Small, frugal decisions each day enable outsized financial gains over months and years. Brown bag lunches save thousands annually. Brewing morning coffee rather than stopping at Starbucks preserves hundreds. The pennies saved each day eventually grow into dollars you can invest, donate, or put toward whatever matters most.

Beyond money management, embracing simplicity in possessions and activities creates space for what truly matters. Financial independence provides freedom to pursue dreams and passions. When you owe less, you can work in a lower-stress job since you don’t need a massive paycheck to service debt payments.

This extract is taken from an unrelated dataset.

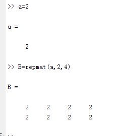repmat(A, m, n)%当A是一个数a时,该命令产生一个全由a组成的m*n矩阵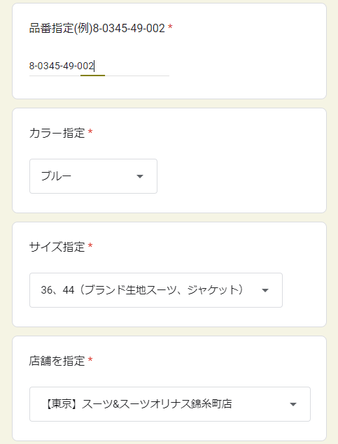 (例)通常スーツの場合は165Y等、ブランド生地スーツの場合は36や44等4店舗の指定

Living below your means can challenge mainstream assumptions of success and status defined by material accumulation. But once you overcome the fear of missing out, you may find yourself missing nothing at all. A simpler, frugal lifestyle centered on people, learning, and service can be deeply rewarding.

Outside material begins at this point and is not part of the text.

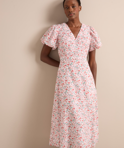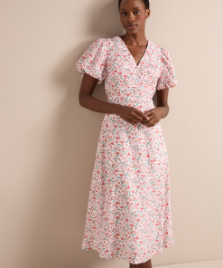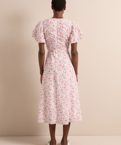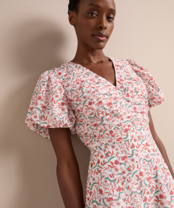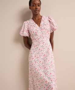 Elisa Silk Blend Midi Dress – Red Trailing Feather Print
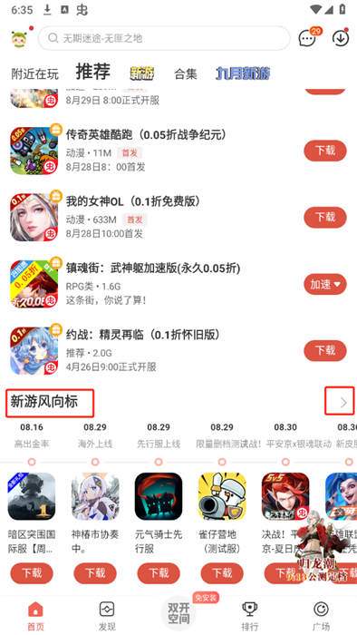 2、當(dāng)玩家滑動到【新游風(fēng)向標(biāo)】欄目時,可以點擊該欄目右側(cè)的箭頭小按鈕來進行詳細(xì)了解;

Case Study: Sarah Learns to Live Simply

Sarah was struggling with $15,000 of credit card debt accrued through weekend escapades, fancy vacations, and happy hours with friends despite earning only $38,000 annually as an administrative assistant. She decided it was time for a lifestyle change to pay down this debt and start saving.

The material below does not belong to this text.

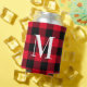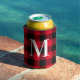 Monogrammed Red and Black Lumberjack Buffalo Plaid Can Cooler

  • Sarah started meal-prepping hearty lunches on Sundays so she’d resist going out midday. She canceled the wine and book of the month clubs, along with a few other subscriptions she didn’t use often. Rather than expensive yoga classes, she followed free YouTube workout videos.
  • Sarah also committed to a “no-spend” month. She paused all discretionary shopping, bought only groceries and gas, and got creative with activities. She played board games with friends and checked out hiking trails nearby.
  • Additionally, Sarah took on odd jobs like dog walking, mowing lawns, and selling items she no longer used. She put all her earnings towards her credit card debt.
  • Within seven months, through her new daily habits and additional work, Sarah paid off the $15,000 credit card balance. She no longer lives paycheck to paycheck and now puts savings into an emergency fund each month.

Sarah found creativity, meaning, and closeness in her days by spending less. She realized happiness doesn’t correlate with money spent. Her lifestyle aligns better with her values and brings her contentment.

Conclusion

Living below your means requires a shift in mindset and priorities. It’s countercultural in consumerist societies that equate spending with success. But embracing frugality and simplicity can profoundly impact your financial independence, health, relationships, and purpose. Start with small daily choices to meal plan, limit shopping, entertain at home, use free community resources, and maintain belongings. These habits accumulate over time into substantial savings and less stress. Beyond dollars and cents, living below your means creates space to focus on what matters: personal growth, time with loved ones, and serving others. Fulfillment comes not from accumulating possessions and experiences but from meaningful connection and purpose. With more aligned daily actions, you can live on your terms.